▶ _Records provided_:
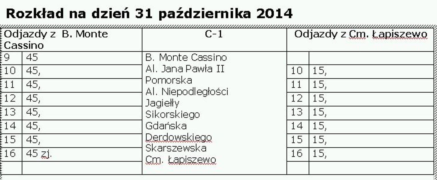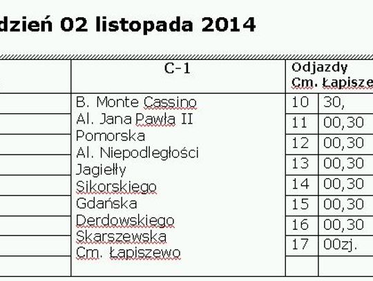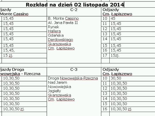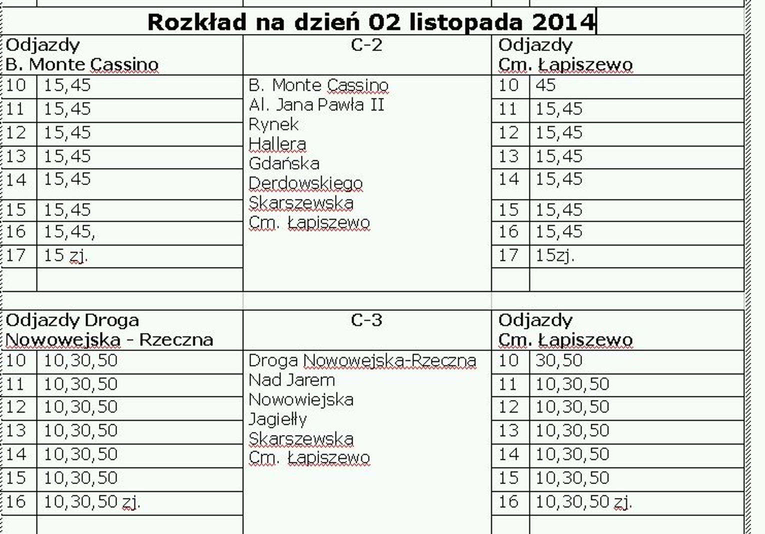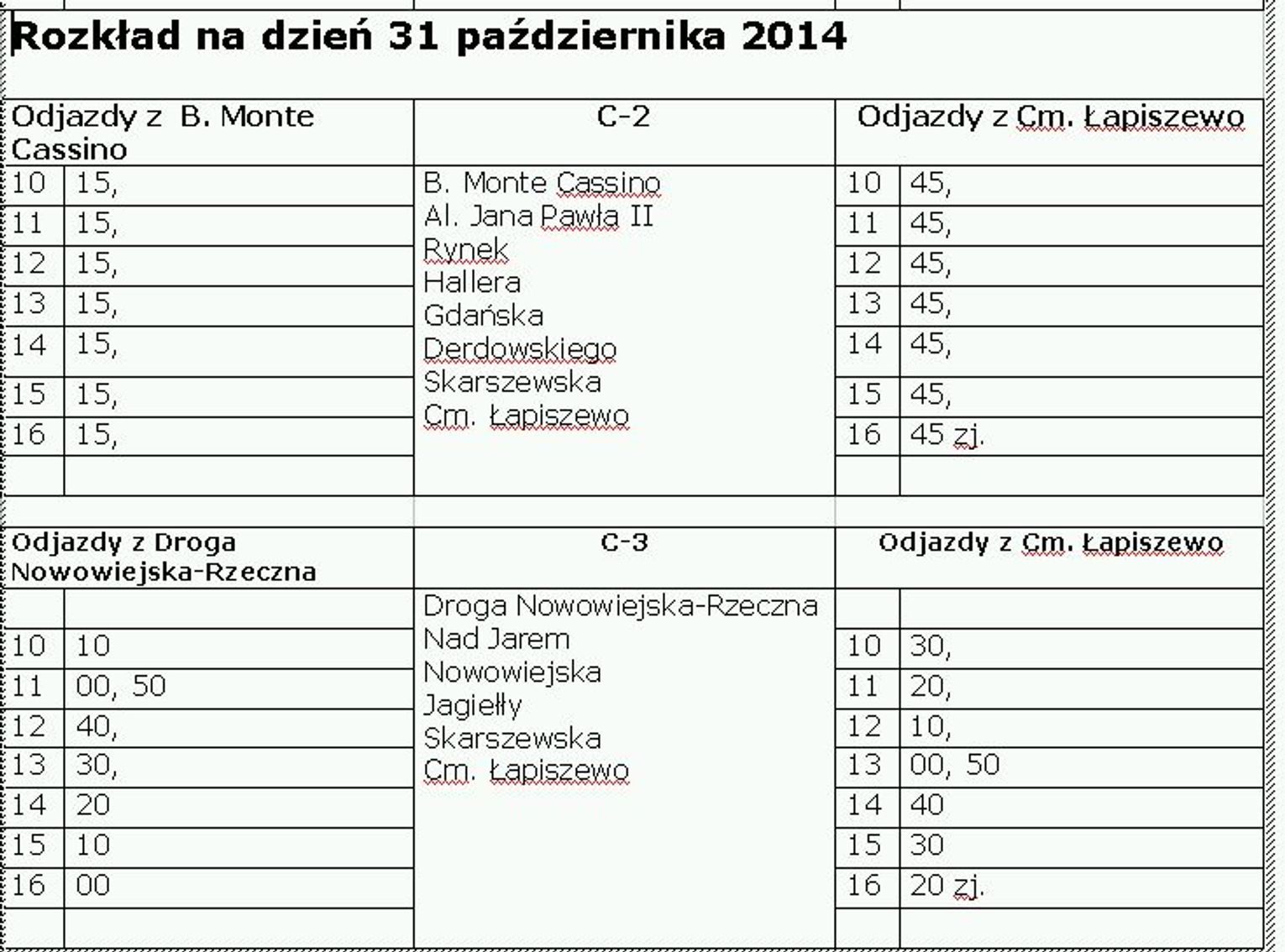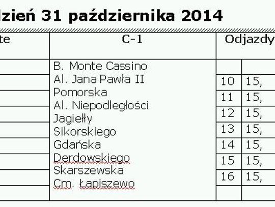 Rozkład jazdy autobusów MZK na 31.10. 2014r. oraz 01.-02.11....
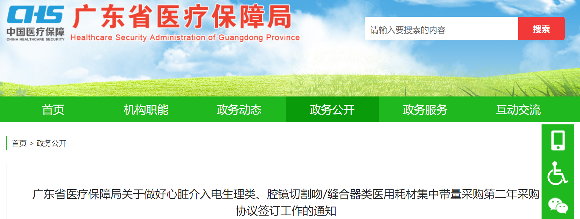 6月26日,廣東省醫保局發布《關于做好心臟介入電生理類、腔鏡切割吻/縫合器類醫用耗材集中帶量采購第二年采購協議簽訂工作的通知》(簡稱《通知》)。
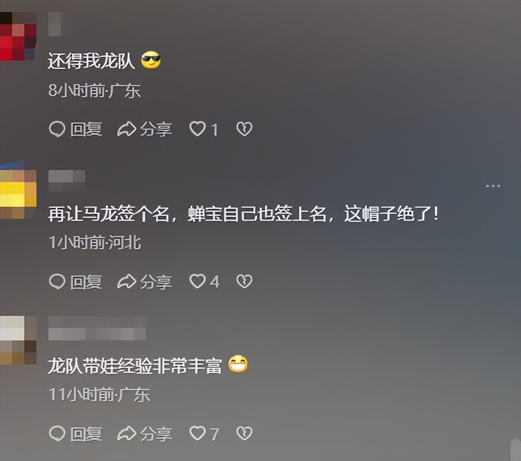 网友:要谢谢马龙哥哥哦。太可爱!
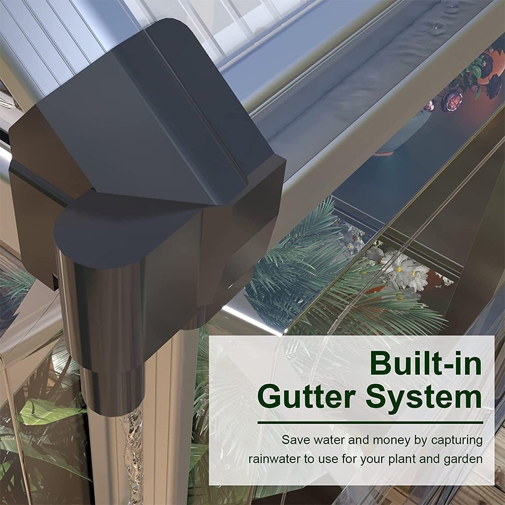 • This walk-in greenhouse offers enhanced water drainage and collection on each side. Connect a hose to bring in the rain to enrich your plants in the hot house!
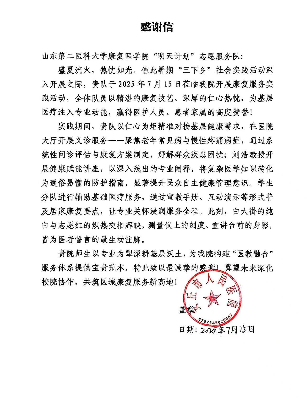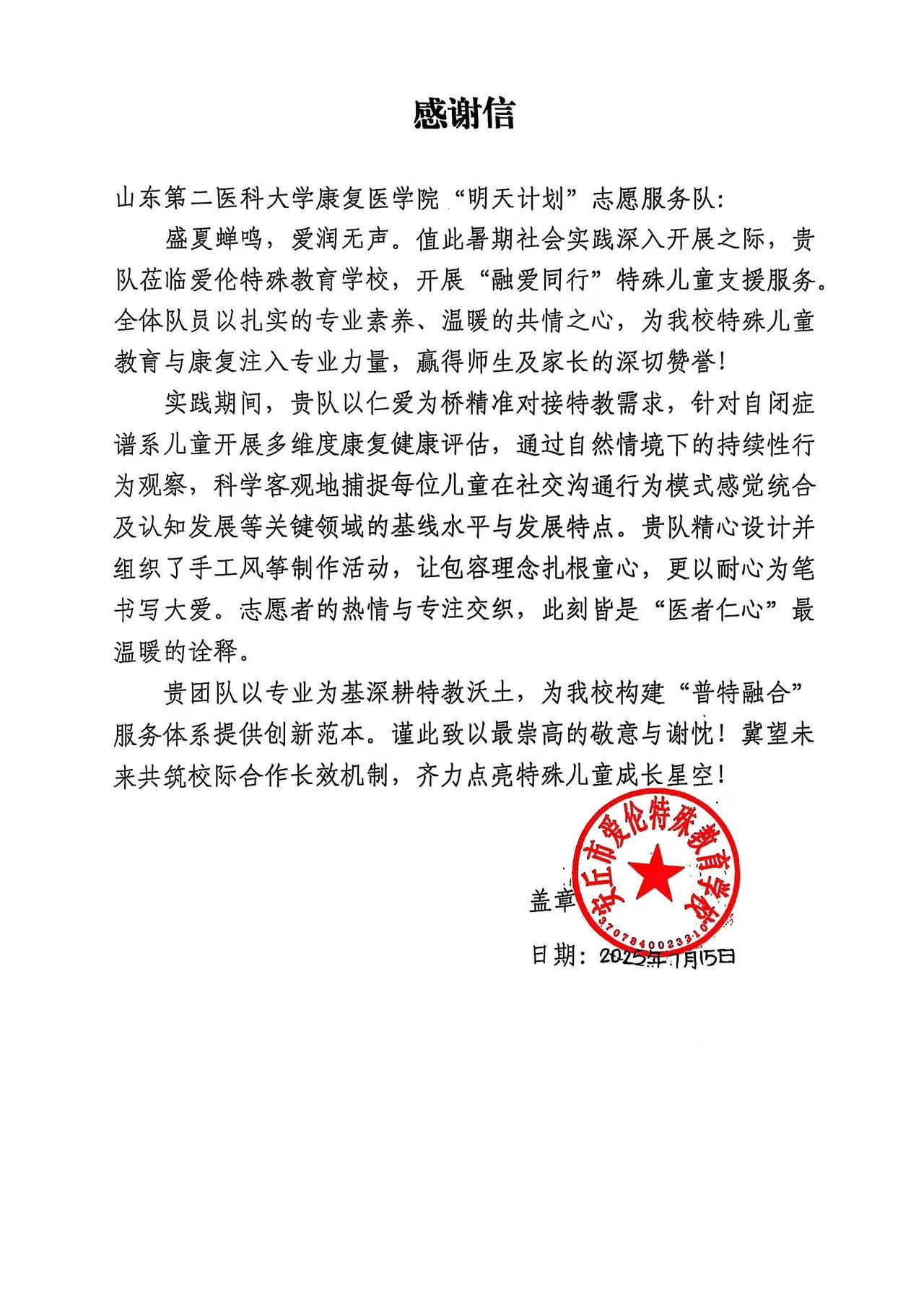 活動結束后,安丘市人民醫院與愛倫特殊教育學校相繼呈遞感謝信函,以最質樸的方式詮釋著最深厚的情誼。字里行間,既有對專家團隊精湛醫術的由衷贊嘆,亦飽含對學生志愿者無私奉獻的深切感動。一紙素箋,勝過千言萬語的褒獎,這份認可,承載著基層群眾最真摯的心聲。這份無言的感動,必將化作學院繼續前行的力量,在健康中國的征程上書寫更多溫暖篇章。

▶ _Directions_:
Reproduce the material word for word. Skip every picture it holds.

▶ _Task answer_:
 Rozkład jazdy autobusów MZK na 31.10. 2014r. oraz 01.-02.11....
 6月26日,廣東省醫保局發布《關于做好心臟介入電生理類、腔鏡切割吻/縫合器類醫用耗材集中帶量采購第二年采購協議簽訂工作的通知》(簡稱《通知》)。
 网友:要谢谢马龙哥哥哦。太可爱!
 • This walk-in greenhouse offers enhanced water drainage and collection on each side. Connect a hose to bring in the rain to enrich your plants in the hot house!
 活動結束后,安丘市人民醫院與愛倫特殊教育學校相繼呈遞感謝信函,以最質樸的方式詮釋著最深厚的情誼。字里行間,既有對專家團隊精湛醫術的由衷贊嘆,亦飽含對學生志愿者無私奉獻的深切感動。一紙素箋,勝過千言萬語的褒獎,這份認可,承載著基層群眾最真摯的心聲。這份無言的感動,必將化作學院繼續前行的力量,在健康中國的征程上書寫更多溫暖篇章。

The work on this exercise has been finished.